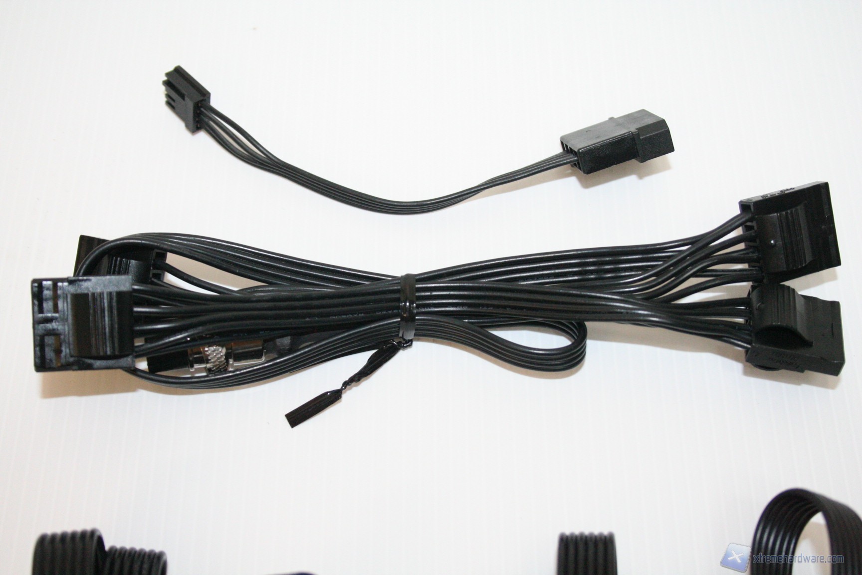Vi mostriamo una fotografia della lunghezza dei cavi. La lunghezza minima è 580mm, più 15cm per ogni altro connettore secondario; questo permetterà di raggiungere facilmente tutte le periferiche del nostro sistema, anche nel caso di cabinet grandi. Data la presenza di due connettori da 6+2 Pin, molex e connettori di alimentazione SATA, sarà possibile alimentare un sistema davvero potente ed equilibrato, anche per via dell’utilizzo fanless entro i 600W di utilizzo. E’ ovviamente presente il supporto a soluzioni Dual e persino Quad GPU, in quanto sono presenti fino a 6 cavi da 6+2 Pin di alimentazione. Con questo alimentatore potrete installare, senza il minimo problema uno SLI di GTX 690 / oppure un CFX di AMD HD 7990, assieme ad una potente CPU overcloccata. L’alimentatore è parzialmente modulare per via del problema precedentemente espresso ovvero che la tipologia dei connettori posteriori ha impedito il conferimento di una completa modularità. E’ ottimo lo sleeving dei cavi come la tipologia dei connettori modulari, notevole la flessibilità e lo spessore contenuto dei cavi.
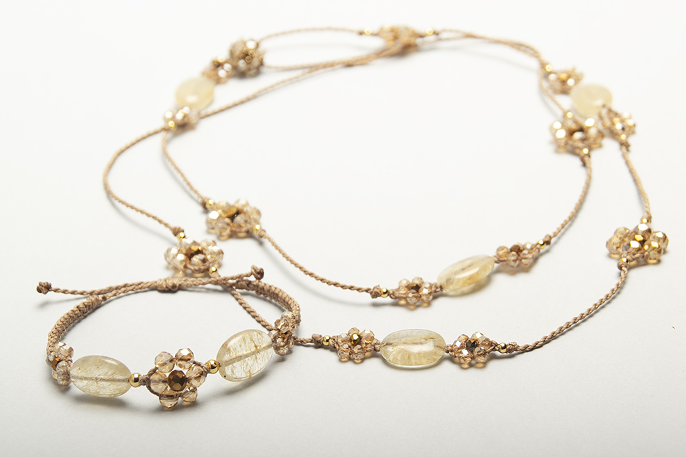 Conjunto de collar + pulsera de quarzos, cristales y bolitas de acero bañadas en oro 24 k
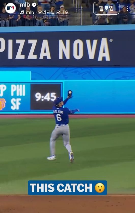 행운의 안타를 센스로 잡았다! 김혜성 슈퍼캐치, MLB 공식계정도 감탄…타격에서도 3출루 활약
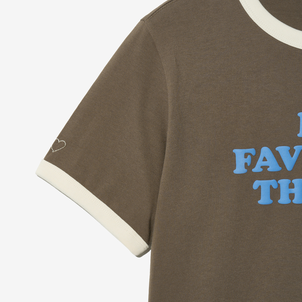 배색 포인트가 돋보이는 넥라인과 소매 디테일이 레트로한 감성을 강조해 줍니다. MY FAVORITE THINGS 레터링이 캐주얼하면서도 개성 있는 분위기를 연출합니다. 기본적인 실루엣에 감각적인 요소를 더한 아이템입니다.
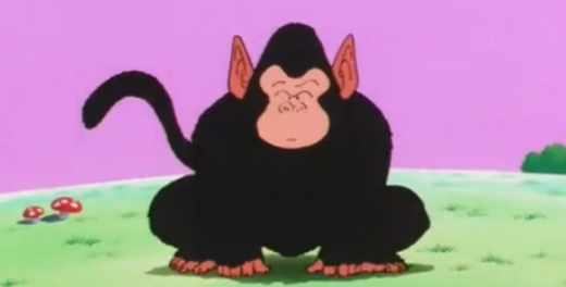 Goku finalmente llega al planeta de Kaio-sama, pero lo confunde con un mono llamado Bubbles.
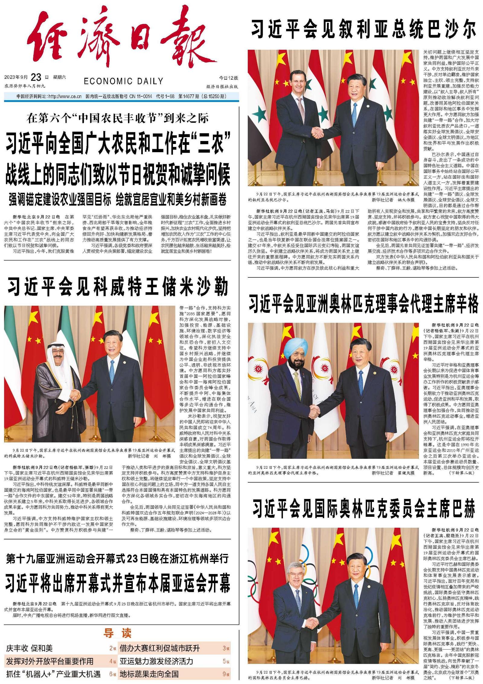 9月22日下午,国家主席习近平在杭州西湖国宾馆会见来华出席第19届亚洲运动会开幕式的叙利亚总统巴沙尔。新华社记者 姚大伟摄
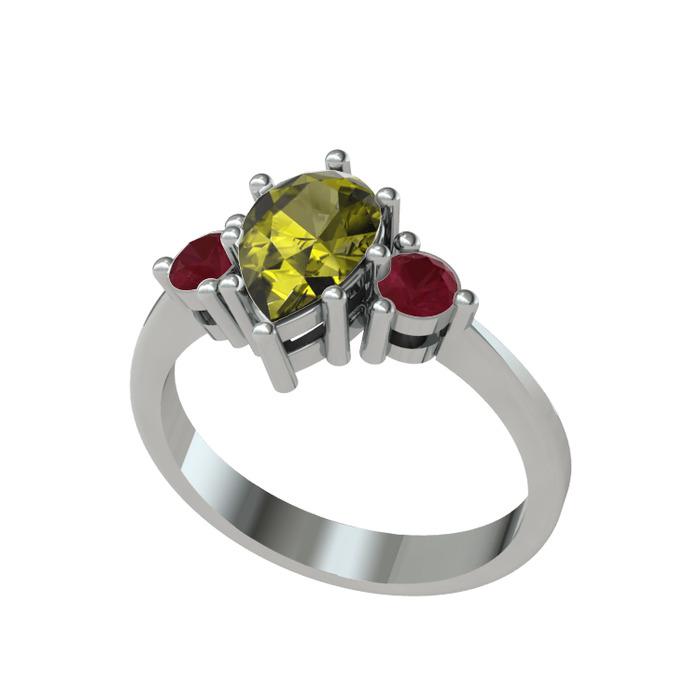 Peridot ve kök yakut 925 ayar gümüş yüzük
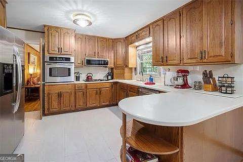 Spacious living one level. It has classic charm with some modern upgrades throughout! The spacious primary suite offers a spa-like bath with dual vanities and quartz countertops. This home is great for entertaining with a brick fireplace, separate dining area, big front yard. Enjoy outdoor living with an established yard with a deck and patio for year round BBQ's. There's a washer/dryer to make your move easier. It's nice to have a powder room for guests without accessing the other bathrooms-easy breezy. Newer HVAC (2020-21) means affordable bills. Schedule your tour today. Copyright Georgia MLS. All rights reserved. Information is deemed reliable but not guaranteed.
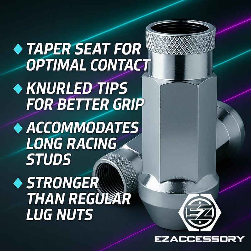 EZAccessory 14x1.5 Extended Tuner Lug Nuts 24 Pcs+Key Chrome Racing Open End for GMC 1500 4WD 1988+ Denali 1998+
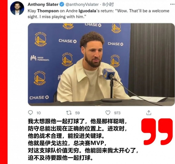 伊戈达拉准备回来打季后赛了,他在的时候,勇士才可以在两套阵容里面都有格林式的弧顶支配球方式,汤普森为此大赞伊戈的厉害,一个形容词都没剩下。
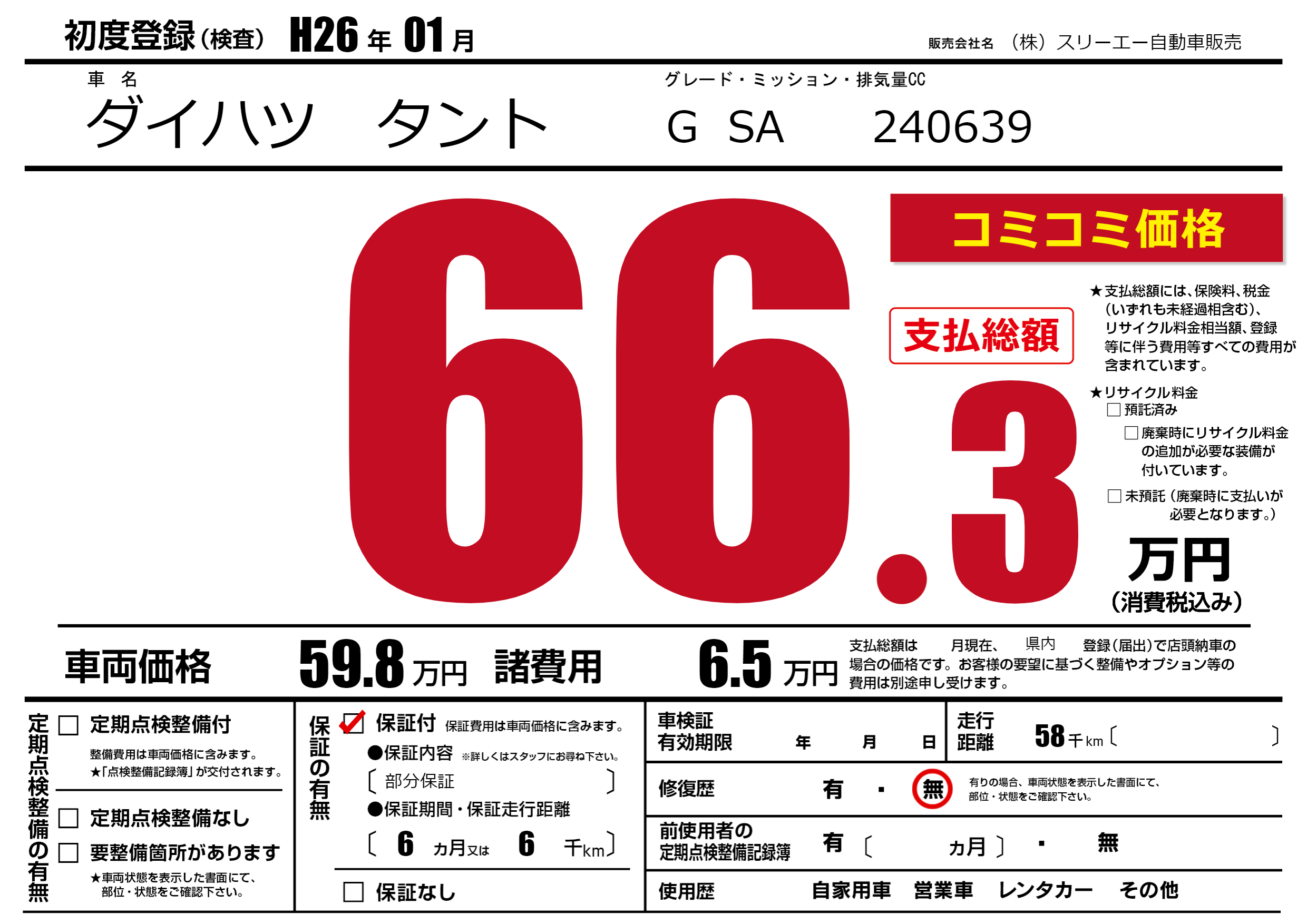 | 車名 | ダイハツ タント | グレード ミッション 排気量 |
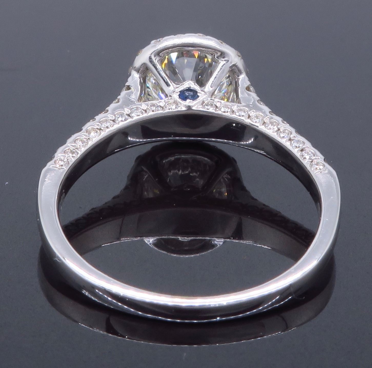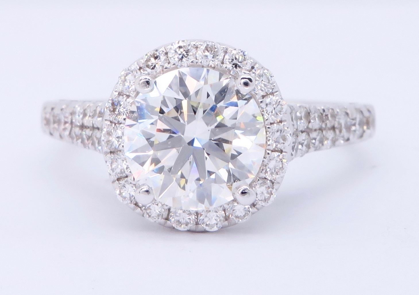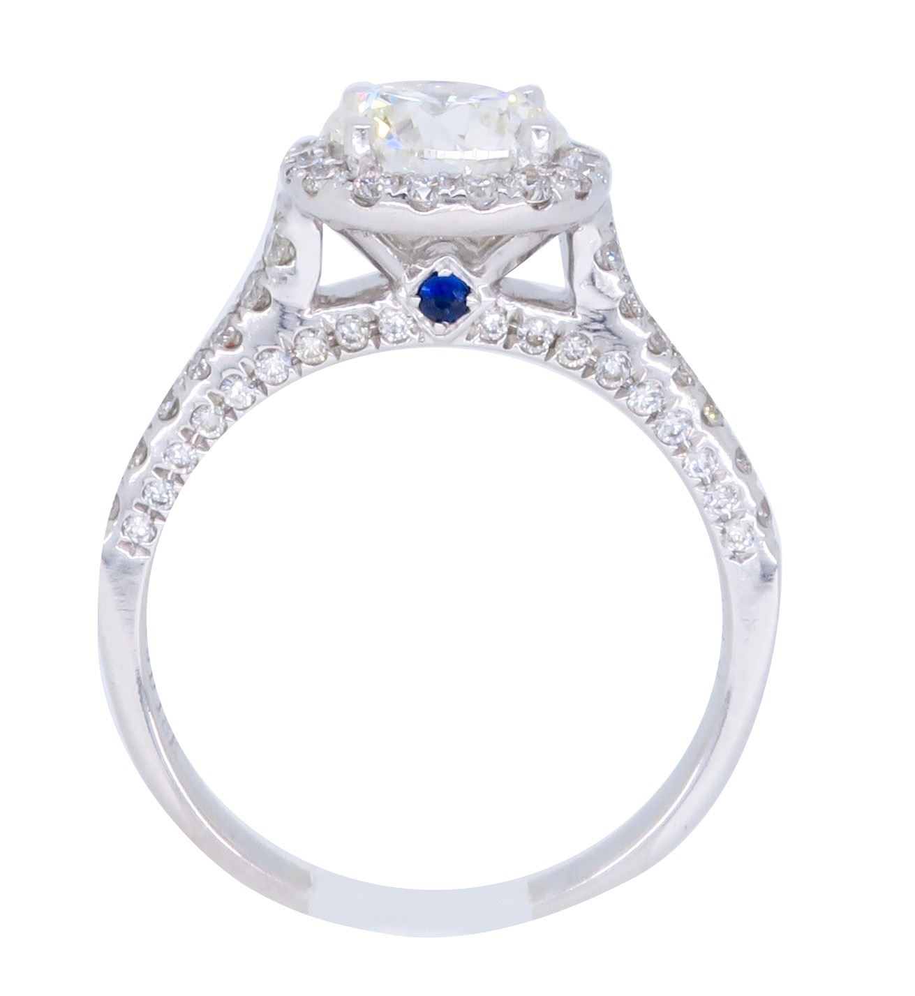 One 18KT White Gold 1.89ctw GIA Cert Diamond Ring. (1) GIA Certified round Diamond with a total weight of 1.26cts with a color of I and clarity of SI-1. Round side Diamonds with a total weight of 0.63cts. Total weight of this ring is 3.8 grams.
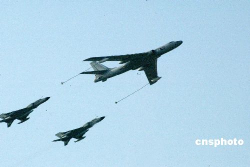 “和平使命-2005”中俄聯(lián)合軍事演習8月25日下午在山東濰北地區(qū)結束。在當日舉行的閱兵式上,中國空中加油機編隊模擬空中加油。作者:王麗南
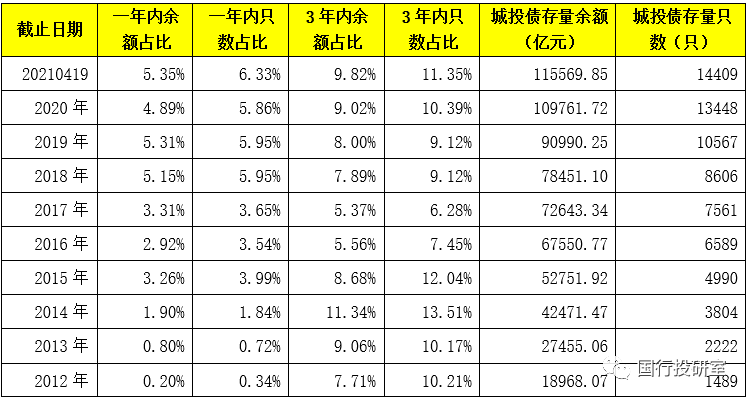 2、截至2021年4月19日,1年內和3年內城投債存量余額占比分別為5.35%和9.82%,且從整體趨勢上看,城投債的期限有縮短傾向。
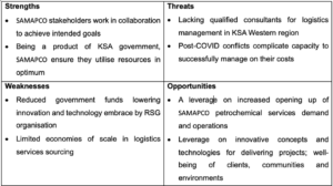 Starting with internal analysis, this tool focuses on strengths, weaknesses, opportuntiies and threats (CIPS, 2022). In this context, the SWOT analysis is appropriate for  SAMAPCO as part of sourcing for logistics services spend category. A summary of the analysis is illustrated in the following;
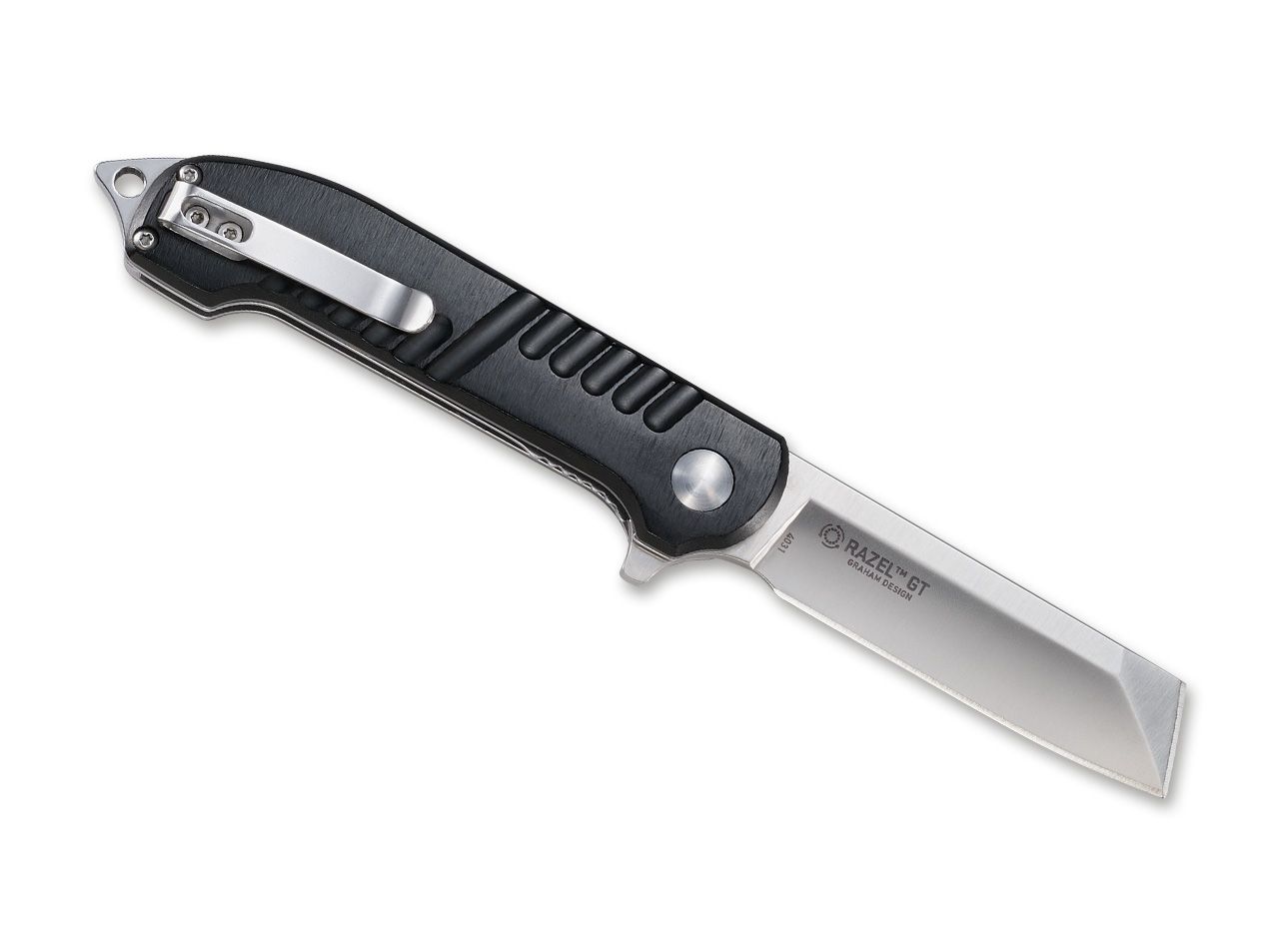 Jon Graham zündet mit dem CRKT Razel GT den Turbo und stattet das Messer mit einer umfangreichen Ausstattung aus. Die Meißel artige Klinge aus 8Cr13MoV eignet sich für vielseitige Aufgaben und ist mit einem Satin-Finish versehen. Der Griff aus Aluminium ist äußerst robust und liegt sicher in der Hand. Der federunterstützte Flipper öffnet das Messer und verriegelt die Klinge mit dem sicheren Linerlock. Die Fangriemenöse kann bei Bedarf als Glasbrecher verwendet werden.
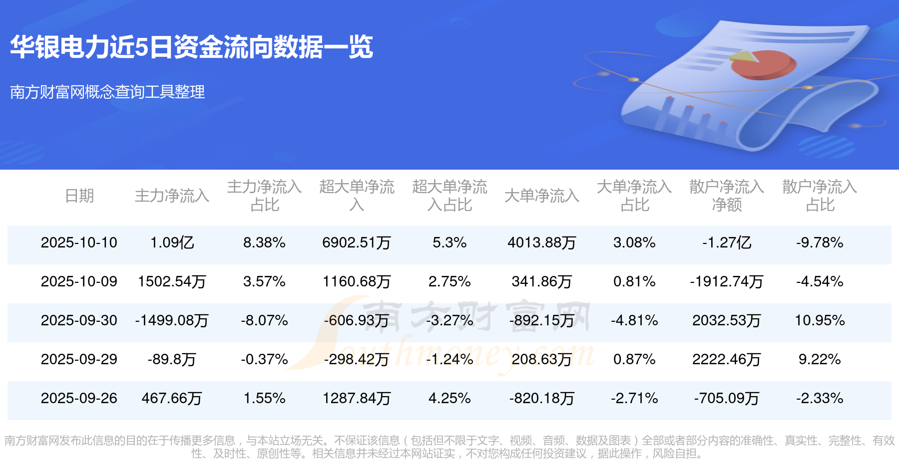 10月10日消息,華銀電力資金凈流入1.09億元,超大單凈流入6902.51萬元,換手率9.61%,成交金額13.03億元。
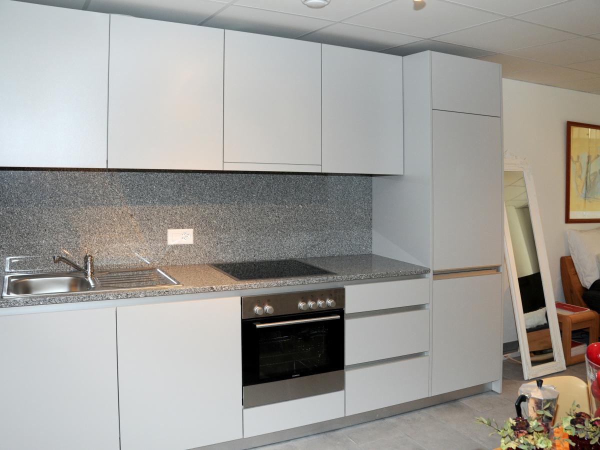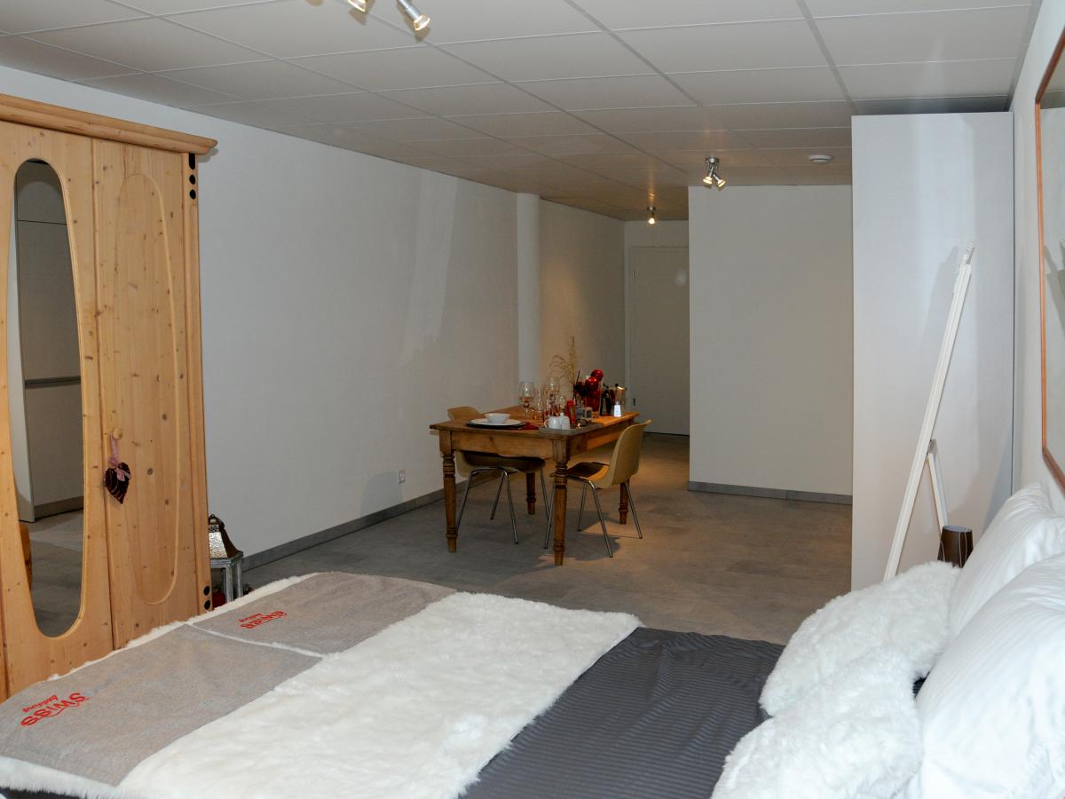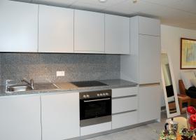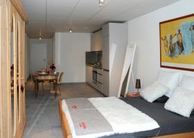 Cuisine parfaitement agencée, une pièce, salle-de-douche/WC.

******

● **WHAT NEEDS TO BE DONE**: Each entry above must be repeated word for word, minus its images.

● **EXERCISE SOLUTION**:
Vi mostriamo una fotografia della lunghezza dei cavi. La lunghezza minima è 580mm, più 15cm per ogni altro connettore secondario; questo permetterà di raggiungere facilmente tutte le periferiche del nostro sistema, anche nel caso di cabinet grandi. Data la presenza di due connettori da 6+2 Pin, molex e connettori di alimentazione SATA, sarà possibile alimentare un sistema davvero potente ed equilibrato, anche per via dell’utilizzo fanless entro i 600W di utilizzo. E’ ovviamente presente il supporto a soluzioni Dual e persino Quad GPU, in quanto sono presenti fino a 6 cavi da 6+2 Pin di alimentazione. Con questo alimentatore potrete installare, senza il minimo problema uno SLI di GTX 690 / oppure un CFX di AMD HD 7990, assieme ad una potente CPU overcloccata. L’alimentatore è parzialmente modulare per via del problema precedentemente espresso ovvero che la tipologia dei connettori posteriori ha impedito il conferimento di una completa modularità. E’ ottimo lo sleeving dei cavi come la tipologia dei connettori modulari, notevole la flessibilità e lo spessore contenuto dei cavi.
 Conjunto de collar + pulsera de quarzos, cristales y bolitas de acero bañadas en oro 24 k
 행운의 안타를 센스로 잡았다! 김혜성 슈퍼캐치, MLB 공식계정도 감탄…타격에서도 3출루 활약
 배색 포인트가 돋보이는 넥라인과 소매 디테일이 레트로한 감성을 강조해 줍니다. MY FAVORITE THINGS 레터링이 캐주얼하면서도 개성 있는 분위기를 연출합니다. 기본적인 실루엣에 감각적인 요소를 더한 아이템입니다.
 Goku finalmente llega al planeta de Kaio-sama, pero lo confunde con un mono llamado Bubbles.
 9月22日下午,国家主席习近平在杭州西湖国宾馆会见来华出席第19届亚洲运动会开幕式的叙利亚总统巴沙尔。新华社记者 姚大伟摄
 Peridot ve kök yakut 925 ayar gümüş yüzük
 Spacious living one level. It has classic charm with some modern upgrades throughout! The spacious primary suite offers a spa-like bath with dual vanities and quartz countertops. This home is great for entertaining with a brick fireplace, separate dining area, big front yard. Enjoy outdoor living with an established yard with a deck and patio for year round BBQ's. There's a washer/dryer to make your move easier. It's nice to have a powder room for guests without accessing the other bathrooms-easy breezy. Newer HVAC (2020-21) means affordable bills. Schedule your tour today. Copyright Georgia MLS. All rights reserved. Information is deemed reliable but not guaranteed.
 EZAccessory 14x1.5 Extended Tuner Lug Nuts 24 Pcs+Key Chrome Racing Open End for GMC 1500 4WD 1988+ Denali 1998+
 伊戈达拉准备回来打季后赛了,他在的时候,勇士才可以在两套阵容里面都有格林式的弧顶支配球方式,汤普森为此大赞伊戈的厉害,一个形容词都没剩下。
 | 車名 | ダイハツ タント | グレード ミッション 排気量 |
 One 18KT White Gold 1.89ctw GIA Cert Diamond Ring. (1) GIA Certified round Diamond with a total weight of 1.26cts with a color of I and clarity of SI-1. Round side Diamonds with a total weight of 0.63cts. Total weight of this ring is 3.8 grams.
 “和平使命-2005”中俄聯(lián)合軍事演習8月25日下午在山東濰北地區(qū)結束。在當日舉行的閱兵式上,中國空中加油機編隊模擬空中加油。作者:王麗南
 2、截至2021年4月19日,1年內和3年內城投債存量余額占比分別為5.35%和9.82%,且從整體趨勢上看,城投債的期限有縮短傾向。
 Starting with internal analysis, this tool focuses on strengths, weaknesses, opportuntiies and threats (CIPS, 2022). In this context, the SWOT analysis is appropriate for  SAMAPCO as part of sourcing for logistics services spend category. A summary of the analysis is illustrated in the following;
 Jon Graham zündet mit dem CRKT Razel GT den Turbo und stattet das Messer mit einer umfangreichen Ausstattung aus. Die Meißel artige Klinge aus 8Cr13MoV eignet sich für vielseitige Aufgaben und ist mit einem Satin-Finish versehen. Der Griff aus Aluminium ist äußerst robust und liegt sicher in der Hand. Der federunterstützte Flipper öffnet das Messer und verriegelt die Klinge mit dem sicheren Linerlock. Die Fangriemenöse kann bei Bedarf als Glasbrecher verwendet werden.
 10月10日消息,華銀電力資金凈流入1.09億元,超大單凈流入6902.51萬元,換手率9.61%,成交金額13.03億元。
 Cuisine parfaitement agencée, une pièce, salle-de-douche/WC.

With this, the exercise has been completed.